Is it incorrect to say that $\text{Power} = P(\text{reject } H_0)$?

Question

Is it incorrect to say that $\text{Power} = P(\text{reject} H_0)$?

I've seen in my textbook as well as other sources power is always defined as the conditional probability $P(\text{reject } H_0 : H_a \text{ is true})$

But I also see in hypothesis testing you are to regard the probability of the null hypothesis as being either $1$ or $0$, since it is treated as a constant when computing the test statistic. So in Baye's theorem, $P(\text{reject } H_0 : H_a \text{ is true})=\frac{P(H_a \text{ is true}:\text{reject } H_0)P(\text{reject } H_0)}{P(H_a \text{ is true})}$

In which case if $P(H_a\text{ is true}) =1$, then $P(H_a\text{ is true} : \text{ reject } H_0)=1$

So $\text{Power} = P(\text{ reject } H_0)$

But if $H_a$ is not true, then $P(H_a\text{ is true}) =0$ I'm not sure what the power means in this case. The other part I find confusing is if my test statistic is coming from a continuous distribution, then don't I already know that $P(H_0 \text{ is true })=0$ and wouldn't then $P(H_a \text{ is true})=1$, so wouldn't it always be the case that $\text{Power}= P(\text{ reject } H_0)$?

Answer 1

As Michael points out above, power is the probability of rejecting the null when it is false. Now when you're empirically simulating the power of a particular test to detect a particular effect, you will know that the null is false and in this case the empirical power is (as you suggest above) simply the the probability that the null is rejected. For example, if you want to know the power of a particular test to detect a difference of $d$ between $x$ and $y$, you draw 10,000 samples from $x$ and $y$ and for each sample test whether you can reject the null. Here the power is simply the proportion of samples where you rejected the null. This is rather a special case though since you know that the null is false, e.g. you are drawing from $x$ and $y$ which differ according to $d$.

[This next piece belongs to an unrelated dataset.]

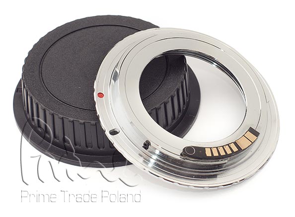 Адаптер для об'єктивів M42 (різьба 42 мм) для фотоапаратів Canon EOS, дзеркальних фотоапаратів з байонетним кріпленням EF і EF-S (всі сучасні дзеркальні фотоапарати Canon). Адаптер має мікросхему під назвою dandalion із попередньо завантаженим останнім програмним забезпеченням, доступним на ринку. Це найбільш універсальне програмне забезпечення, яке працює з найбільшою кількістю камер. Чіп є програмованим, що означає, що на відміну від звичайного адаптера з підтвердженням, ми можемо вільно змінювати значення діафрагми та фокусної відстані, а також можемо встановлювати корекцію, щоб наша камера ідеально фокусувалася «в точку». Це найточніші адаптери на ринку. Він має фіксатор діафрагми, який забезпечує безперебійну роботу з об’єктивом M42, незалежно від того, чи має об’єктив перемикач A/M чи ні.

In most cases, say when you're planning an experiment, you don't know if the the null is false. Sure, you know that the null is either true (1) or false (0) but knowing this doesn't give us the prior probability of 1 (or 0), e.g. when we flip a coin we know that it will either be heads (1) or tails (0), but that doesn't give us the probability of 1 (or 0). Now the tricky part here is that if we knew whether the null was true or false, we wouldn't need an experiment and thus wouldn't need a power calculation.

Sometimes we might be able to construct an estimate for the prior probability that the null is true, for example, in testing relationships between genetic variants and disease. In most cases where we need to calculate power, though, we won't have a very good estimate for the prior probability and so won't be able to use Bayes Theorem.

My answer here and the links therein might help clarify this for you: Is there such a thing as a p-value that incorporates a priori power estimations?

Answer 2

Yes, it is incorrect to say that power is the probability of rejecting the null. It is the probability of rejecting it when it is false.

Your statement about the probability of the null (being true) is wrong. The test statistic is computed from the data and does not require any truth value to be ascribed to the null hypothesis.